Mengukur menurunnya daya beli masyarakat pada era sekarang, tidak cukup dengan menyaksikan pusat berbelanjaan yang mulai sepi. Sebagian masyarakat telah memilih untuk belanja online. Maka harus dilihat juga berapa jumlah transaksi di pusat-pusat belanja online.
Apakah sudah cukup?
Tentu belum. Jangan abaikan para pedagang amatir, yang memilih berjualan online lewat media sosial. Jumlahnya tidak sedikit, dan tidak gampang mengukurnya. Pendekatan yang lebih masuk akal adalah melihat transaksi pengiriman barang di ekspedisi.
Apakah sudah cukup?
Belum juga. Tak sedikit juga transaksi online yang berlangsung dalam kota yang sama, yang order dilakukan online tetapi eksekusi dilakukan secara tertutup.

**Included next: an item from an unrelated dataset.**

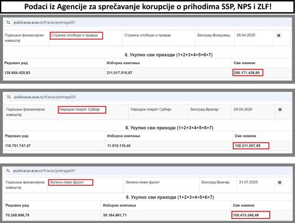 U poslednjih 12 meseci, antisrpske i antidržavne opozicione stranke su iz inostranstva, nekonito, u kešu dobile minimum 100 miliona dolara za rušenje Srbije, od onih 4 milijarde koje pominje predsednik Vučić. Te stranke i pokreti su: Stranka slobode i pravde, Proglas, Narodni pokret Srbije, Zeleno-levi front, Demokratska stranka, Mi-Nestorović, Nova demokratska stranka Srbije, SRBIJA CENTAR, Pokret obnove kraljevine Srbije, Pokret slobodnih građana, Novo lice Srbije, Kreni-promeni, Ekološki ustanak, Miša Bačulov, Dveri, Narodne patrole, Srpski zbor, Stav, Sviće, Bravo itd. Nabrojao sam 20 antisrpskih i antidržavnih stranaka ili pokreta. Neregistrovana stranka „Studenti u blokadi“ je poseban slučaj i oni su dobijali najviše novca, mimo ostatka opozicije. Oni su dobili značajan deo novca koji je pominjao predsednik Vučić. Raspodela 100 miliona dolara za 20 pomenutih opozicionih stranaka i pokreta je bila nejednaka, naravno. Najviše novca su dobili u kešu (ovim redosledom) Proglas (20), Kreni-promeni (19), SSP (15), NPS (12), ZLF (10), DS (6), SC (6), Mi-Nestorović (2), PSG (2), DSS (2), Ekološki ustanak (1), NLS (1), Bačulov (1), Stav (0,5), Sviće (0,5), Bravo (0,5) itd. Ostale, uglavnom desničarske opozicione stranke su zajedno dobile oko 1,5 miliona dolara.

Pembeli mengambil barang di alamat penjual, atau penjual mengantar barang ke alamat pembeli.
Tak hanya harus mengubah paradigma, alat-alat ukur dan metode dalam ekonomi juga harus menyesuaikan agar hasilnya akurat.
Potential demand dan juga minat calon konsumen, tidak bisa lagi hanya diukur dari jumlah pengunjung dalam pameran produk atau jasa. Tak semua orang menyukai kegembiraan jalan-jalan di tempat ramai. Para calon pembeli potensial itu banyak yang memilih mengurung diri di kamar, tapi seharian penuh mengevaluasi produk-produk yang serius akan dia beli.
**
Ini tak hanya soal jual beli, hal apapun di sekitar kita terus berubah. Demikianlah, kehidupan terus berubah, dan hanya perubahanlah yang akan abadi. Manusia bisa memilih sikap apa saja. Bisa menjadi batu yang tergerus dan tertinggal arus. Bisa memilih menjadi buih yang dilempar arus kemanapun menuju. Atau memilih berenang tenang mengikut arus, dengan pelampung dan kewaspadaan cukup.